Copy out exactly the stretch below, from the line with "Spjälsängsskydd med yttertyg" through the line with "halli hallo Ich", both included; the pictures stay out.

[SUPPLIED RECORDS]:
::::::::
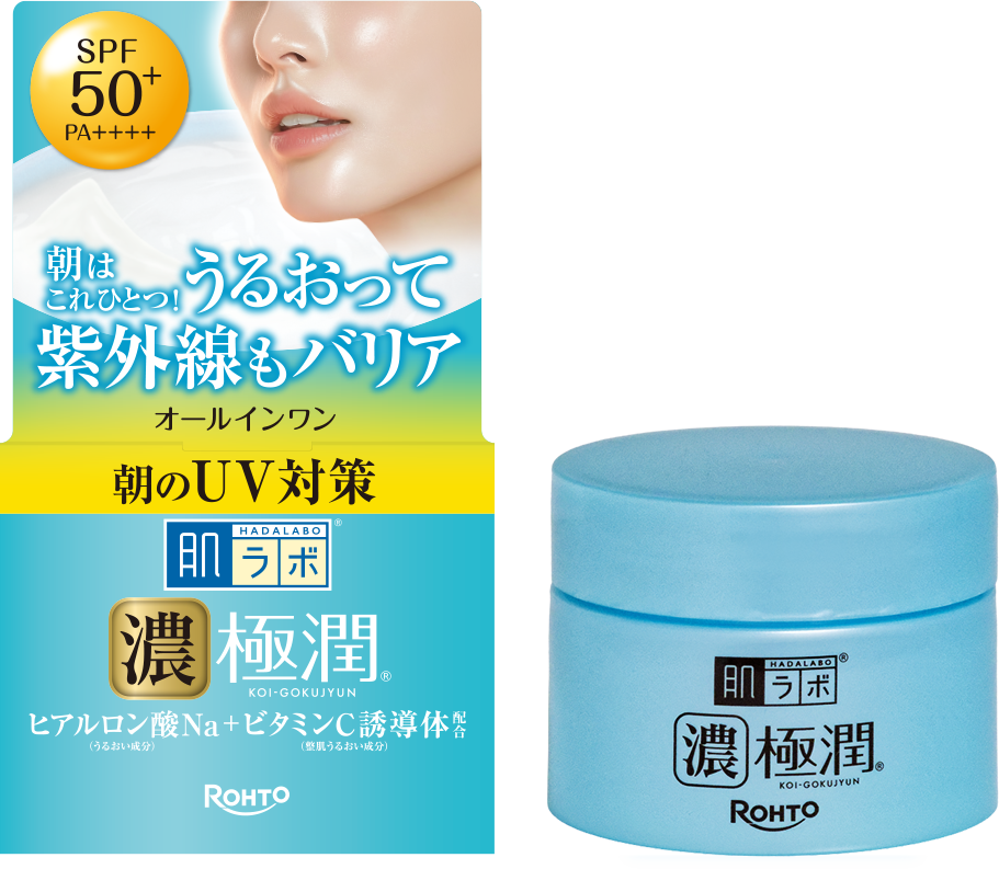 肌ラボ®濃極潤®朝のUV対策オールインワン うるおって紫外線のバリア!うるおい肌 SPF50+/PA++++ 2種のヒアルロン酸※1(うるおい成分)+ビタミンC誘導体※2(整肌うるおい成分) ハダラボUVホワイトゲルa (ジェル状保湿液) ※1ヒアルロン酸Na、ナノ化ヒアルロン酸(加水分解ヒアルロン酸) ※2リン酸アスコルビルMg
::::::::
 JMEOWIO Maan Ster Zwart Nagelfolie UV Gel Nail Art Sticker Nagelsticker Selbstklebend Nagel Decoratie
::::::::
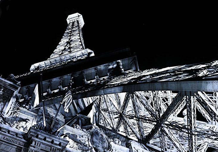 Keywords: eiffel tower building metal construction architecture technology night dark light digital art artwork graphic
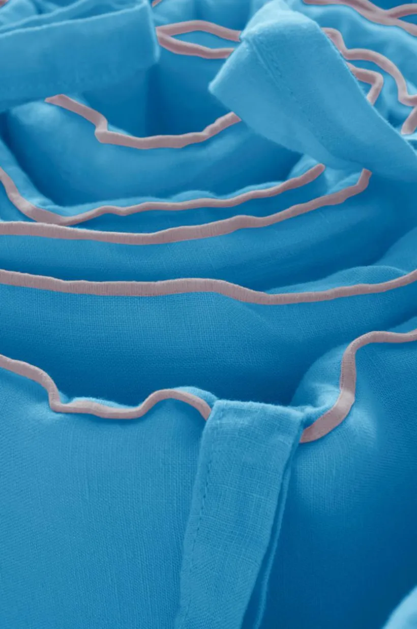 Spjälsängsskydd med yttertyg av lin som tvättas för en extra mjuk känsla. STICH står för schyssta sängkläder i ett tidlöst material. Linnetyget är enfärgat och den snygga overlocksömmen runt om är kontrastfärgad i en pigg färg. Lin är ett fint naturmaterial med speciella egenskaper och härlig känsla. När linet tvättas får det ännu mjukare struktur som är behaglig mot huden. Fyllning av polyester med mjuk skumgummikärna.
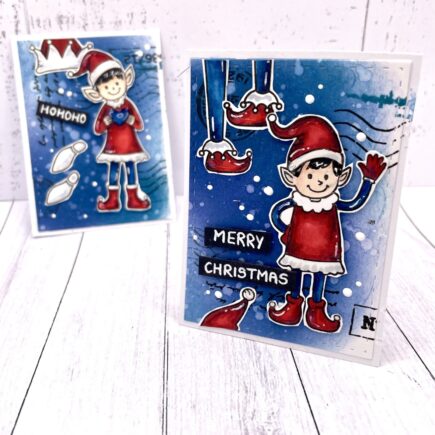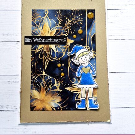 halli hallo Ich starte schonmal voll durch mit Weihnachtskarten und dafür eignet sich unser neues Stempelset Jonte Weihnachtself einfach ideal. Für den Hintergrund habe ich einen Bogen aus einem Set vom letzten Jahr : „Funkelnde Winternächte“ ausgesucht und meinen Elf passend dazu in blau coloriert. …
::::::::
[RESPONSE]:
 Spjälsängsskydd med yttertyg av lin som tvättas för en extra mjuk känsla. STICH står för schyssta sängkläder i ett tidlöst material. Linnetyget är enfärgat och den snygga overlocksömmen runt om är kontrastfärgad i en pigg färg. Lin är ett fint naturmaterial med speciella egenskaper och härlig känsla. När linet tvättas får det ännu mjukare struktur som är behaglig mot huden. Fyllning av polyester med mjuk skumgummikärna.
 halli hallo Ich starte schonmal voll durch mit Weihnachtskarten und dafür eignet sich unser neues Stempelset Jonte Weihnachtself einfach ideal. Für den Hintergrund habe ich einen Bogen aus einem Set vom letzten Jahr : „Funkelnde Winternächte“ ausgesucht und meinen Elf passend dazu in blau coloriert. …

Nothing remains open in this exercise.